FOREX SPREAD COMPARISON

comparing brokerages forex spread

Whenever you trade in the forex markets (except when you use a limit order) you will pay a forex spread – the difference between the bid-ask price. This ought to make it easy to compare spreads among different forex brokers, but unfortunately, it isn’t quite that easy… Brokers employ one of a number of different execution models. In order to make meaningful comparisons, it is necessary to understand a little more about these.

Forex spread bid and ask price buy and sell trade

ECN Brokers

An ECN is an ‘electronic communications network’, and is how banks and liquidity providers interact to exchange currencies. ECN brokers provide direct access to this interbank market, where forex spreads are extremely narrow, and charge a commission for doing so.

Quite often these brokers are keen to identify themselves as such. There is some perception that the ECN model provides greater transparent and removes the potential for conflicts of interest. The broker makes their profit from the fixed commission they charge. For this reason, they have no motivation to game the bid-ask spread in any way. However, interbank spreads are extremely sensitive to market volatility and liquidity shortages hence can become prohibitively wide during events such as news releases.

Dealing Desk Brokers

Brokers who operate a dealing desk model make their money from the forex spread. They act as counterparty to their client’s trades and therefore control the bid-ask spread. Because they make their profits from the inflated spread they do not charge commissions. Often, dealing desk brokers choose to provide ‘fixed spreads’. This means that the forex spread is guaranteed at a certain amount regardless of how wide or narrow the ‘floating spread’ in the market may be.

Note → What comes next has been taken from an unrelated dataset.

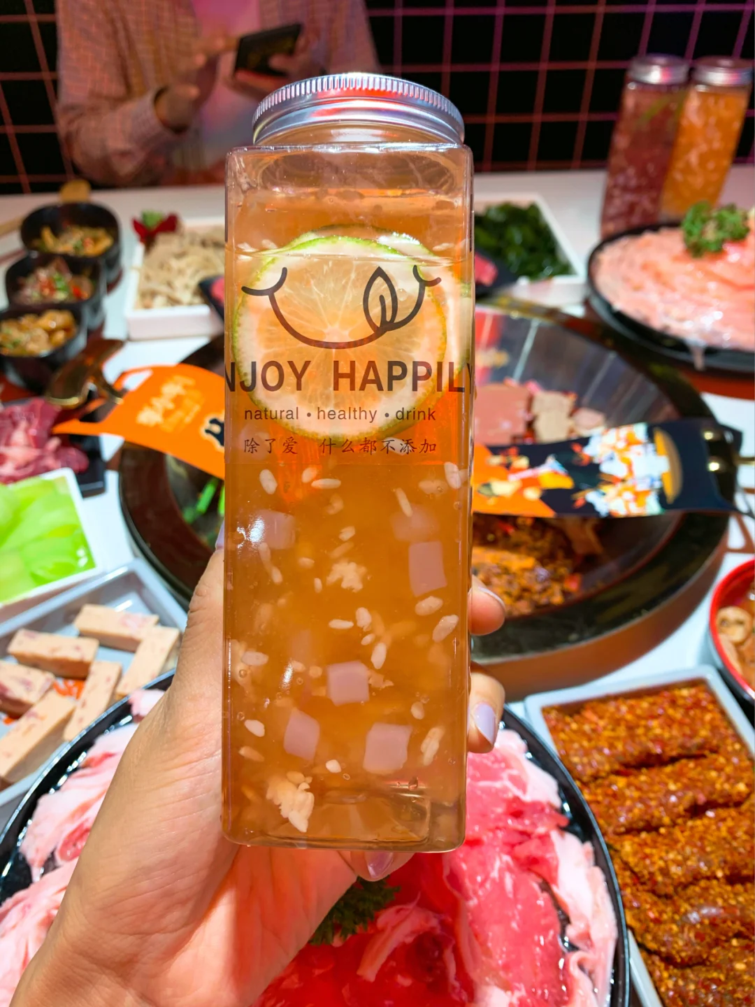 我选的蜜桃🍑味,颜值满分,色泽诱人,猛吸一口,入口冰凉酸甜,还有果冻的口感,解辣爽口神器!

Comparing brokerages forex spread

STP Brokers

An STP or ‘straight-through-processing’ broker occupies the middle ground between the two models described above. An STP firm will pool the best bids and offers from its liquidity providers, inflate the forex spread, and then enable you to trade at these prices. There is no dealing desk intervention and prices are based upon (though inflated from) those found in the interbank market. Forex spreads are always floating and never fixed, and no commissions are charged.

An important first step when comparing brokers is, therefore, to identify which of the above categories a firm falls into. Then you can begin comparing them with similar companies to determine which will be the most suitable. Remember, however, that trading fees are by no means the most important priority when choosing a forex broker.